Experience with an unmanageable KMS key

by Daniel Pham

In this article, I will share my experience with an unmanageable KMS key. This is a pretty interesting thing with AWS that I have just experienced after many years of working.

The situation of an unmanageable KMS key

When I work on projects related to banks or fintech platforms, security is always a top requirement. And one of the criteria when creating resources on AWS is least privilege.

This means only granting the minimum privileges to the services needed to access the necessary resources, and very specifically.

I use CloudFormation (abbreviated as CFN) to manage the infrastructure, and one of the resources that is always created on AWS is the KMS key.

And I have a KMS key that serves access from RDS and CloudFormation services.

Basically, no IAM principal or any other service will have access to this KMS key.

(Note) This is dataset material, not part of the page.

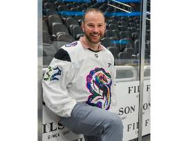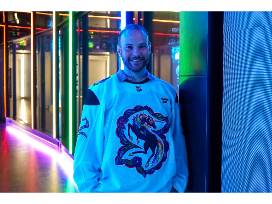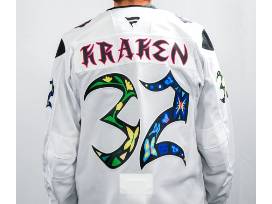 Crested with "ROGERS" and "32," this size 54, Made in Canada jersey was worn and signed by Seattle Kraken Head Athletic Trainer Justin Rogers, MEd, LAT, ATC, the first openly gay support staff member on an NHL bench. Specialty Kraken Jersey designed by Vegas Vecchio in honor of Pride Night on January 8, 2026.
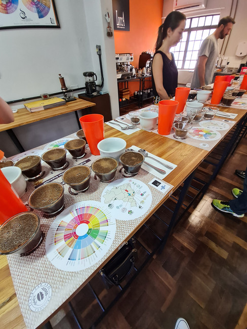 Foi extremamente interessante participar desse evento e poder provar pães (incluindo o melhor panetone que já provei) e degustar cafés. Mas o destaque foi participar de um workshop de cupping, que nada mais é do que a forma pela qual os degustadores (Q-Graders) do mundo do café provam cafés para entender seu sensorial, detectar defeitos na torra, nos grãos, etc. É um método bem simples: basta moer o café em uma moagem que eu considero média-fina e infusioná-lo por quatro minutos. Claro que existe uma proporção envolvida, mas não entrarei em mais detalhes aqui. Essa experiência foi intrigante, pois pude notar como as outras pessoas percebem diferentes cafés, e quais suas preferências. Além de que, provar cafés bem diferentes um ao lado do outro nos permite perceber com muito mais facilidades as nuances de cada um; recomendo que você tente fazer isso em casa.

In addition, the KMS key also has a policy set to prevent key deletion.

Below is a snippet of the template I am using.

  DBKMSKey:
    Type: AWS::KMS::Key
    Properties:
      Description: Database Key
      Enabled: true
      EnableKeyRotation: true
      MultiRegion: true
      KeyPolicy:
        Version: "2012-10-17"
        Id: !Sub ${Env}-db-key
        Statement:
          - Sid: Deny Key Deletion
            Effect: Deny
            Principal:
              AWS: "*"
            Action:
              - kms:DeleteAlias
              - kms:DeleteKey
              - kms:DisableKey
              - kms:ScheduleKeyDeletion
            Resource: "*"
          - Sid: Allow access through RDS for all principals in the account that are authorized to use RDS
            Effect: Allow
            Principal:
              AWS: "*"
            Action:
              - kms:CreateGrant
              - kms:Decrypt
              - kms:DescribeKey
              - kms:Encrypt
              - kms:GenerateDataKey*
              - kms:ListGrants
              - kms:ReEncrypt*
            Resource: "*"
            Condition:
              StringEquals:
                kms:ViaService: !Sub rds.${AWS::Region}.amazonaws.com
                kms:CallerAccount: !Sub ${AWS::AccountId}
          - Sid: Allow access to Deployer role
            Effect: Allow
            Principal:
              AWS: !Sub arn:aws:iam::${AWS::AccountId}:role/${Env}-cfn-role
            Action:
              - kms:CreateAlias
              - kms:Decrypt
              - kms:DescribeKey
              - kms:EnableKeyRotation
              - kms:Encrypt
              - kms:GenerateDataKey*
              - kms:PutKeyPolicy
              - kms:ReEncrypt*
            Resource: "*"

Normally, this KMS key would be created through the CloudFormation stack. But because my nested stack has another resource that failed to create, the entire stack would be automatically deleted.

And now the problem occurs, because the KMS key has a policy that prevents deletion, so the CloudFormation stack fails to delete.

When I use the Administrator user to try to delete this KMS key, I get the message You do not have permission to access the KMS keys.

Experience with an unmanageable KMS key
Error “You do not have permission to access the KMS keys” when accessing unmanageable KMS key.

At this point, you might be saying, “Why don’t you just rename the KMS key resource in the CloudFormation template and recreate a new stack?”

Yes, that’s simple but not acceptable in an enterprise environment.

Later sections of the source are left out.